One former real estate agent said that even though he hated the jihadists, he had managed to survive the changes in Raqqa. He tore the stereo out of his car so the jihadists could not accuse him of listening to forbidden music, but he still does so at home, quietly. He buys cigarettes from smugglers who sell only to people they know, since jihadists punish smoking as a crime.

“This is like heroin for them,” the real estate agent said, enjoying a pack during a recent trip to Turkey.

He does not criticize the jihadists at home for fear that his 8-year-old son will repeat what he says in public, endangering the family. But his son hears things elsewhere, he said, “and now sometimes I hear him defending ISIS.”

Some adults said living under the Islamic State had changed their views. “If you had asked me before the revolution, I would have said I wanted to be the richest person, with houses and cars,” another Raqqa resident said. “But after we sat with their religious teachers, we changed our way of thinking.”

He was considering whether to join the group, he said, and knew he would marry and raise his children in Raqqa so they could learn “the true religion.”

The dynamics of Islamic State rule differ from place to place. In Mosul, food is plentiful, but the jihadists restrict people who try to leave the city, making relatives vouch for them and arresting the family members if the travelers do not return.

Life is easier in Raqqa, where residents regularly cross the Turkish border, returning with goods and cash earned outside.

Locals suffer more around Deir al-Zour, where the Islamic State fought for nearly a year to subdue local tribes and rebel groups in battles that killed more than 1,000 people.

Bad blood from the fighting persists, and Islamic State fighters are still ambushed regularly, activists said. The Islamic State has responded with public executions and heavy taxes on harvests, phone lines, water and electricity.

“Their policy is to make people hungry while they pay their fighters so that becoming one of them is the only way to live and eat,” one activist said.

An activist with the group DeirEzzor24 said one of his cousins had joined the Islamic State, earning $100 per month, plus $100 for his parents and $40 each for his siblings, a strategy aimed at winning over the whole family.

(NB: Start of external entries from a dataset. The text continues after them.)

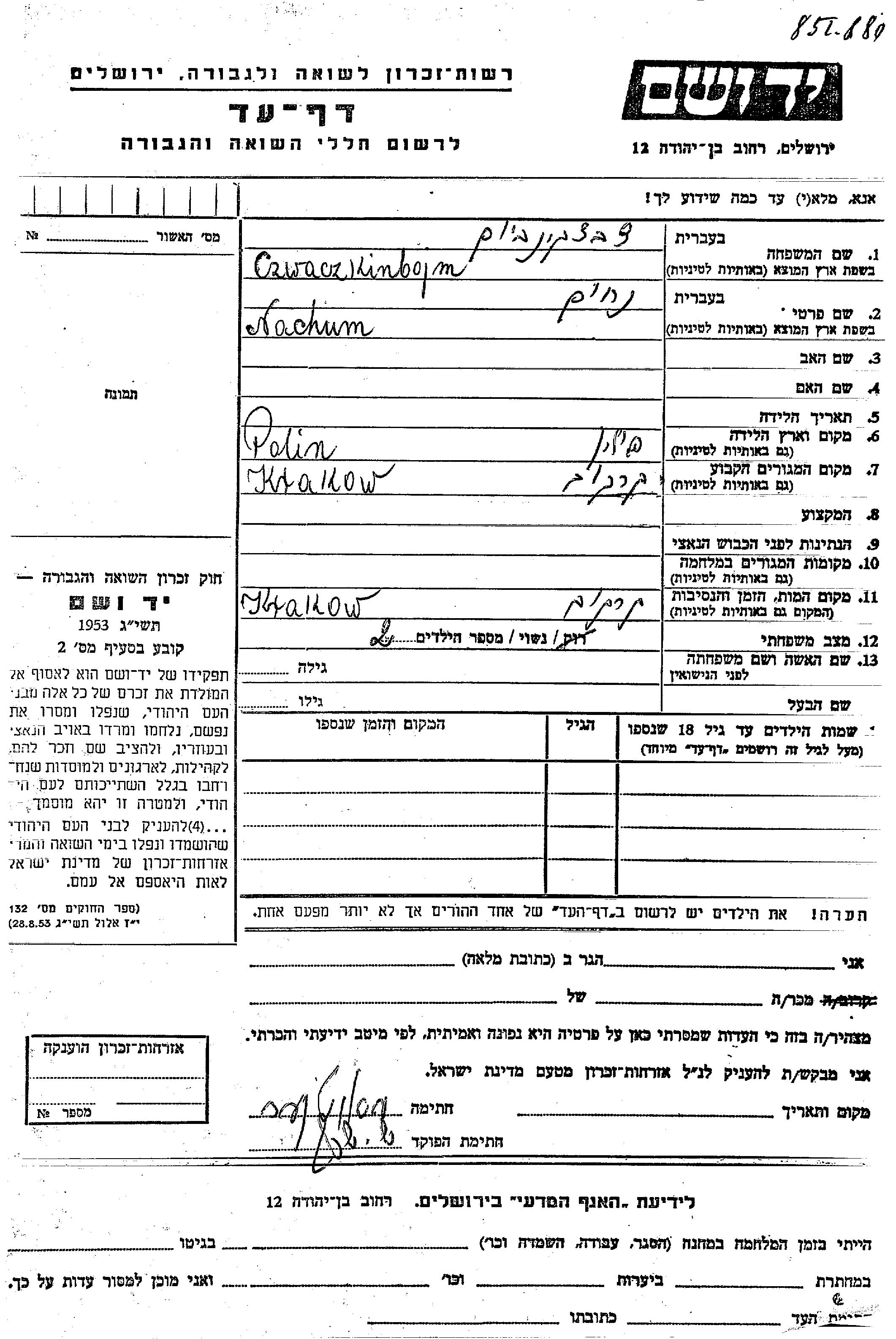 Czwaczkinbojm Nachum Krakow, Pologne Feuille de témoignage
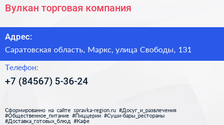 Вулкан, торговая компания по адресу Саратовская область, Маркс, улица Свободы, 131 в дальнейшем Организация, размещена в следующих категориях:
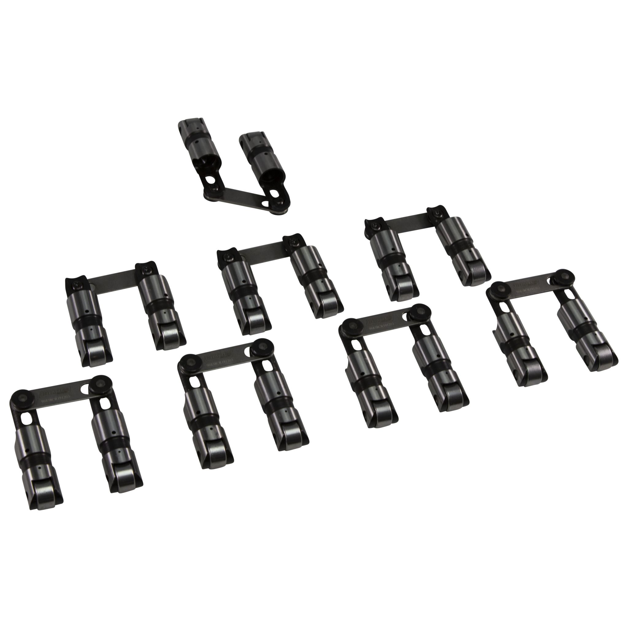 staked axles eliminate clips and provide robust axle retention. This permanent axle retention feature increases the stiffness of the lifter ears and helps prevent the ears from spreading. Sportsman Lifters are built from 8620 premium steel for increased strength and wear resistance and feature a captured link bar design. They utilize a tapered and slotted link bar tower for reduced weight and improved aesthetics. The lifters also feature a tall body to enable use in both standard and .300" tall lifter bores – the result is increased strength and less lifter bore wear.

In an audio message released last month, the leader of the Islamic State, Abu Bakr al-Baghdadi, renewed his call for Muslims to join the group. He said those outside it were “homeless” and “humiliated,” while Islamic State residents lived “with might and honor, secure by God’s bounty alone.”

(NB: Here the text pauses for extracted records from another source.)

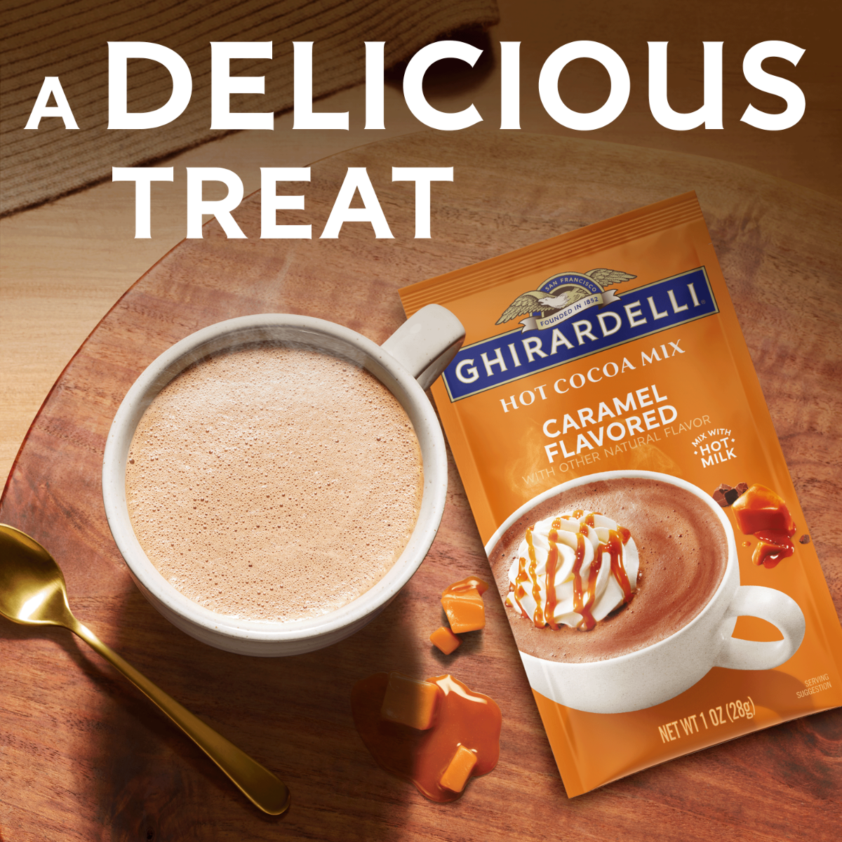 - Includes 64 single-serve 1 oz packets of GHIRARDELLI Caramel Flavored Hot Cocoa Mix (Case of 8 cartons)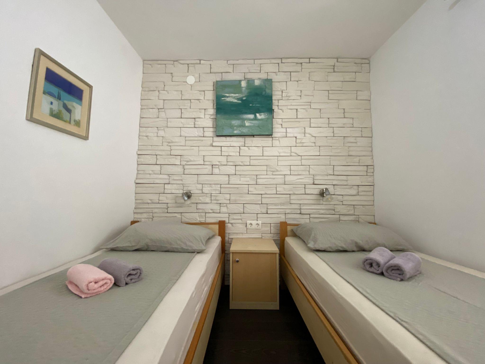 Inside, you will find comfortably furnished flats with thoughtful details to make your stay as pleasant as possible. Each flat has a separate bedroom with a double bed and a second room with two single beds, a bathroom/WC and a large living room with a sofa bed (approx. 150x200 cm). The kitchens are fully equipped with basic cooking utensils, an oven, fridge, freezer and hob to enable you to self-cater in a class of its own. In addition, each flat is air-conditioned, with the thick stone walls of the house ensuring a comfortable room temperature.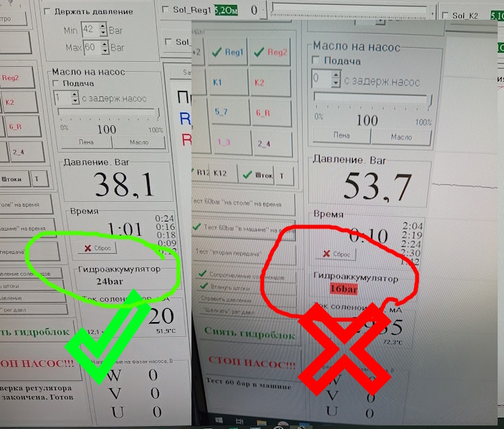 После установки мехатроника на стенд, мы сразу можем проверить состояние гидроаккумулятора

Residents of Islamic State areas did not describe easy lives, but some wanted the jihadists to stay, reflecting the deep political failures in their countries.

Many now living under the Islamic State in Syria suffered under both President Bashar al-Assad and the rebels who chased out his forces, leaving them with no alternative to the jihadists.

And many Sunnis in Iraq trust the Islamic State more than the Shiite-led government in Baghdad and the militias it has used to fight the jihadists.

“Now there is more security and freedom, no arrests, no harassment, no concrete barriers and no checkpoints where we used to spend hours to get into the city,” said Mohamed al-Dulaimi of the jihadist-controlled city of Falluja, Iraq.

“What will happen if the militias enter Falluja?” he asked. “We will take our guns and fight them, not because we are ISIS, but because the militias will kill us all.”

Hwaida Saad contributed reporting from Beirut, Lebanon; Karam Shoumali from Istanbul; and Omar Al-Jawoshy from Baghdad.

New York Times

I'm archiving this story simply because it gives us better insight into the war than most other news stations do.

At the same time, though, we must always be mindful that not all of this story's facts and ideas may be true.

It is completely logical, though, that ISIS would be entrenching itself among the Sunni populations of Iraq given they share a similar ideological background. ISIS, of course, is far more extremist than your average Sunni. But lines blur over time when they're living together on a daily basis.